CAMERA = 'head_front'
TARGET_OBJECT = 'cup'
MAP = 'unity_apartment'
MODEL = 'apartment_objects'
ARM_NAME = 'right_arm'
 
class RayaApplication(RayaApplicationBase):
 
   async def setup(self):
       self.motion = await self.enable_controller('motion')
 
       self.nav = await self.enable_controller('navigation')
       if not await self.nav.set_map(MAP, wait_localization=True, timeout=3.0):
           self.finish_app()
 
       self.cv = await self.enable_controller('cv')
       self.detector = await self.cv.enable_model(model='detectors',type='object',
                                                   name=MODEL,
                                                   source=CAMERA,
                                                   model_params={}
                                                   )
 
       self.grasp = await self.enable_controller('grasping')
 
   async def loop(self):
       await self.motion.rotate(angle=360.0, angular_velocity=10.0, ang_unit=ANG_UNIT.DEG, wait=False)
      
       resp = await self.detector.find_objects([TARGET_OBJECT], wait=True, timeout=40.0)
       if resp and self.motion.is_moving():
           await self.motion.cancel_motion()
       else:
           self.finish_app()
 
       obj_x = resp[0]['center_point_map'][0]
       obj_y = resp[0]['center_point_map'][1]
 
       await self.sleep(1.0)
 
       await self.nav.navigate_close_to_position(x=obj_x, y=obj_y,
                                               pos_unit=POS_UNIT.METERS,
                                               wait=True)
  
       await self.sleep(1.0)
 
       await self.grasp.pick_object(detector_model=MODEL,
               source=CAMERA, object_name=TARGET_OBJECT,
               wait=True)
      
       self.finish_app()
 
   async def finish(self):
       if self.motion.is_moving():
           await self.motion.cancel_motion()

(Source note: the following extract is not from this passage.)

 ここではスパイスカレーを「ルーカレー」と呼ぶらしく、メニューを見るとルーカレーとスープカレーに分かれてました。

This is the full code. Let's analyze this code line by line:

Imports & Constants

from raya.application_base import RayaApplicationBase
from raya.controllers.navigation_controller import ANG_UNIT, POS_UNIT

These imports grant us access to crucial functionalities. The RayaApplicationBase library is a staple in every Ra-Ya app, as it embeds all the needed functions for controlling Gary. The main application class must be called RayaApplication, and must inherit from RayaApplicationBase. All the application functionalities should be written inside this class.

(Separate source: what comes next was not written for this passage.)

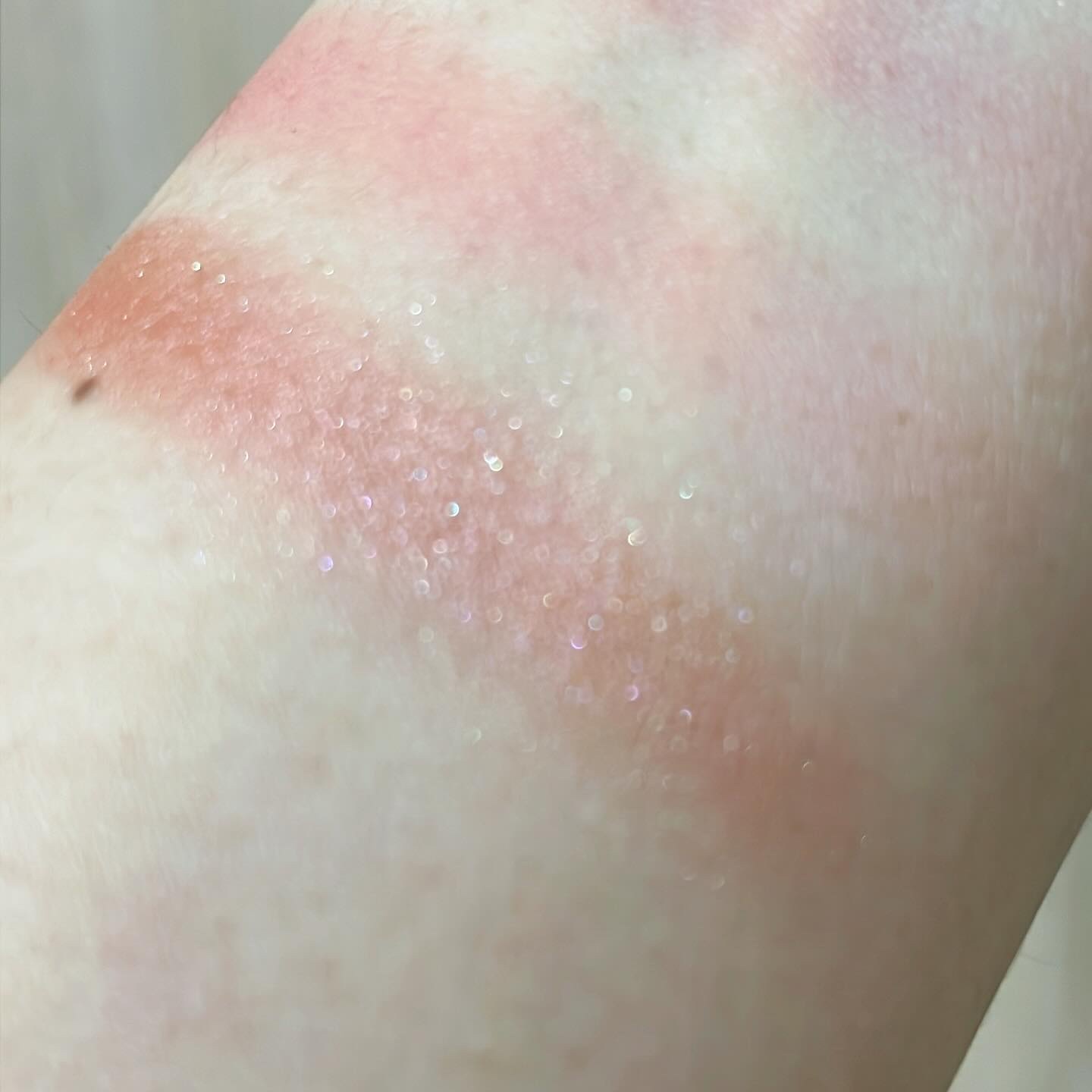 ADDICTION最近新作出すたびにバズってない!?🤩 今回大注目は032P Private Note。ただのホワイトに見えるのに、手に出すと偏光ピンクがこれでもかと輝く‼️このギャップに萌えている人が続出💘 マットカラーの103M Tender Memories とともに、Holiday2021 コンパクトアディクションからの復刻色。それだけ人気だったということよね❣️ はじめはPrivate Noteだけ買おうと思ったんだけど、アディクションのマットが好きだからTender Memoriesを手に出したらほんのりピンク味のあるブラウンが可愛くて🙈💕他の既存色と比べてみたけど、ブラウンに寄ってたり、ピンクに寄ってたりするものが多く、Tender Memoriesが一番ピンクとブラウンの中間だった‼️ 発色が優しいから、初めにアイホール全体に入れるのがオススメ。

The ANG_UNIT and POS_UNIT enumerations help specify whether degrees or radians are used, and pixels or meters.

CAMERA = 'head_front'
TARGET_OBJECT = 'cup'
MAP = 'unity_apartment'
MODEL = 'apartment_objects'
ARM_NAME = 'right_arm'

These five constants define the parameters of this application. The camera that we’ll be using to detect objects is head_front, located on Gary’s chin. Since we want to detect and pick up a cup, the target object is “cup” which is recognizable by the “apartment_objects” detection model. Since this program is meant primarily for the apartment scene in the Ra-Ya Simulator, the map is set to “unity_apartment.” Lastly, we set the default arm to the right arbitrarily.

setup()

async def setup(self):

In any Ra-Ya application, thesetup() is called once at the beginning of the app execution. This function is the place to prepare all the tools the app might use. This includes enabling controllers and creating listeners.

self.motion = await self.enable_controller('motion')
self.nav = await self.enable_controller('navigation')
if not await self.nav.set_map(MAP, wait_localization=True, timeout=3.0):
     self.finish_app()

In order for Gary to move and rotate, we’ll need to enable the motion controller. However, by enabling the navigation controller as well, we can let Gary automatically find paths to specific locations, objects, and zones. For such a feature to work, we must first get localized by calling set_map().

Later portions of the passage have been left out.